The initial stages of diseases affect the external surfaces of the tooth i.e. Enamel and from there to dentin. If the progress of the infection is not controlled then finally the infection reaches the pulp. It is at this time when the infection becomes completely symptomatic with complaints of severe pain . sensitivity and some times swelling.

Grossman classified the diseases of pulp into various categories, depending on the type of pathology, namely –

Pulpitis

Pulp Degeneration

Pulp Necrosis

Classification of Pulipitis

Pulpitis as the name indicates is the infection of  dental pulp.

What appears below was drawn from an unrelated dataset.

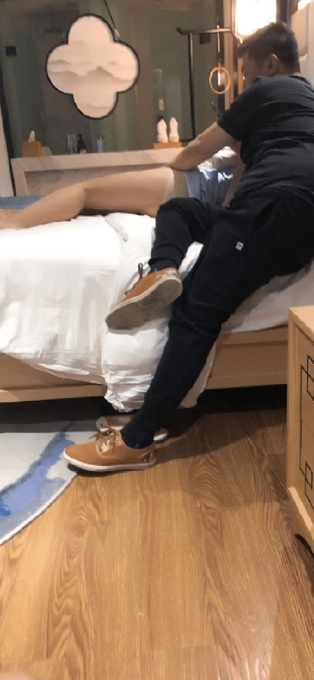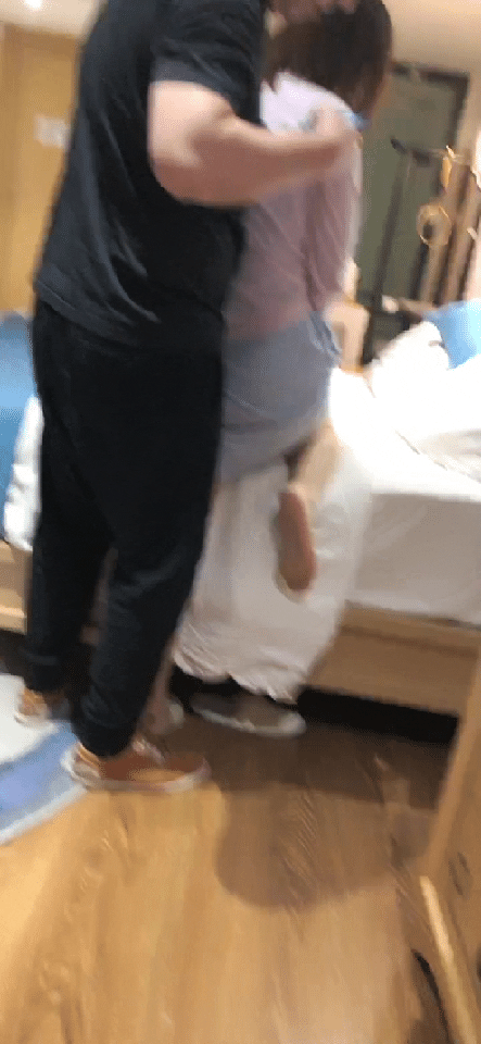 舅妈被朋友推到在床上,掀起裙子,打屁股,掰开屁股摸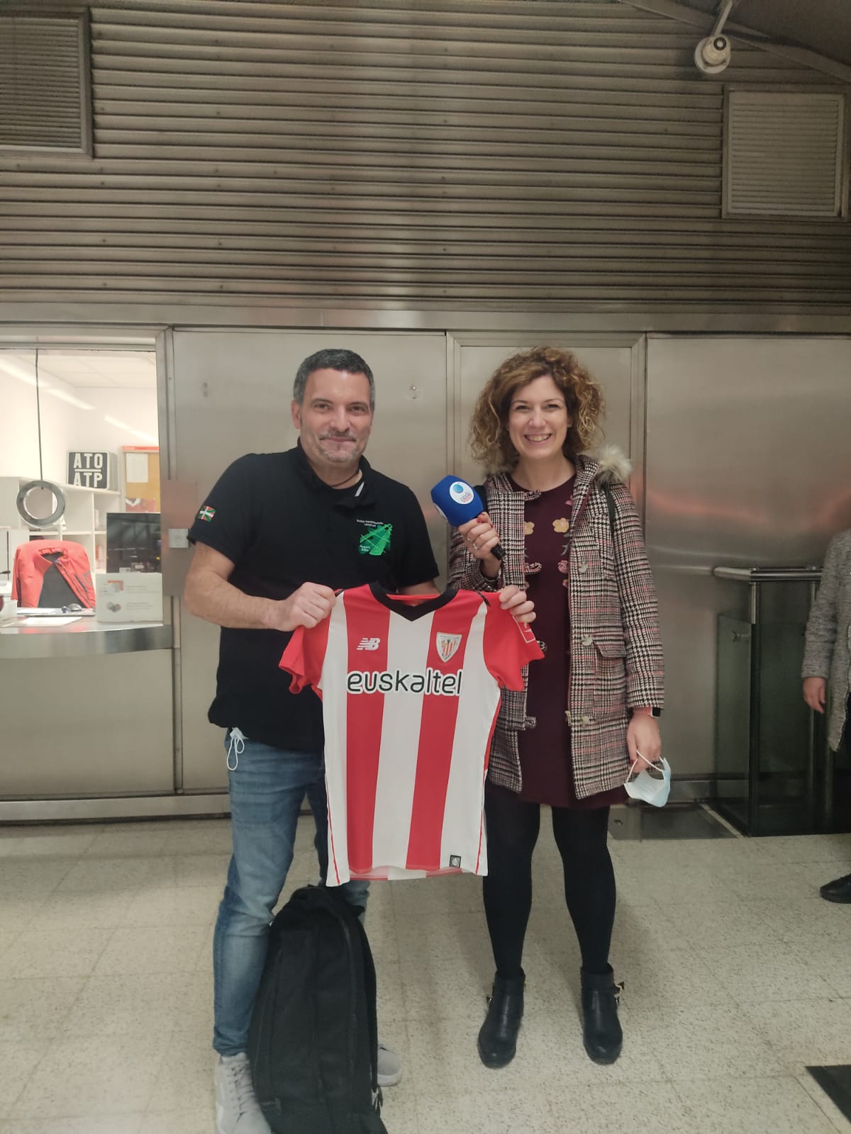 “EUSKAL TRENBIDEETAKO LANGILEAK MUGARIK GABE” Elkartea quiere equipar el primer equipo femenino de Cabo Verde. Se llamará ATHLETIC CLUB BILBAO y para ello piden camisetas rojiblancas de todas las tallas, que recogen en la oficina de Metro Bilbao en San Mamés. Nos lo ha contado, uno de sus organizadores, Txus Martín, voluntario de la asociación y conductor de Metro Bilbao

Inflammation of the pulp. This may occur due to caries, or trauma or due to multiple restorations, where recurrent caries can occur. The principal symptom of Pulpitis is pain. The pulpitis begins as a reversible condition initially, which later progresses to become irreversible if not treated by a simple filling. The pulp becomes necrotic, and leads to infection around the apex of the root in the later stages.

(A) Reversible Pulpitis

– Symptomatic (Acute)
– Asymptomatic (Chronic)

Irreversible Pulpitis

i. Acute

– Abnormally responsive to cold
– Abnormally responsive to heat

ii. Chronic

– Asymptomatic with pulp exposure
– Hyperplastic pulpitis
– Internal resorption

(B) Depending on direct communication between pulp and oral cavity.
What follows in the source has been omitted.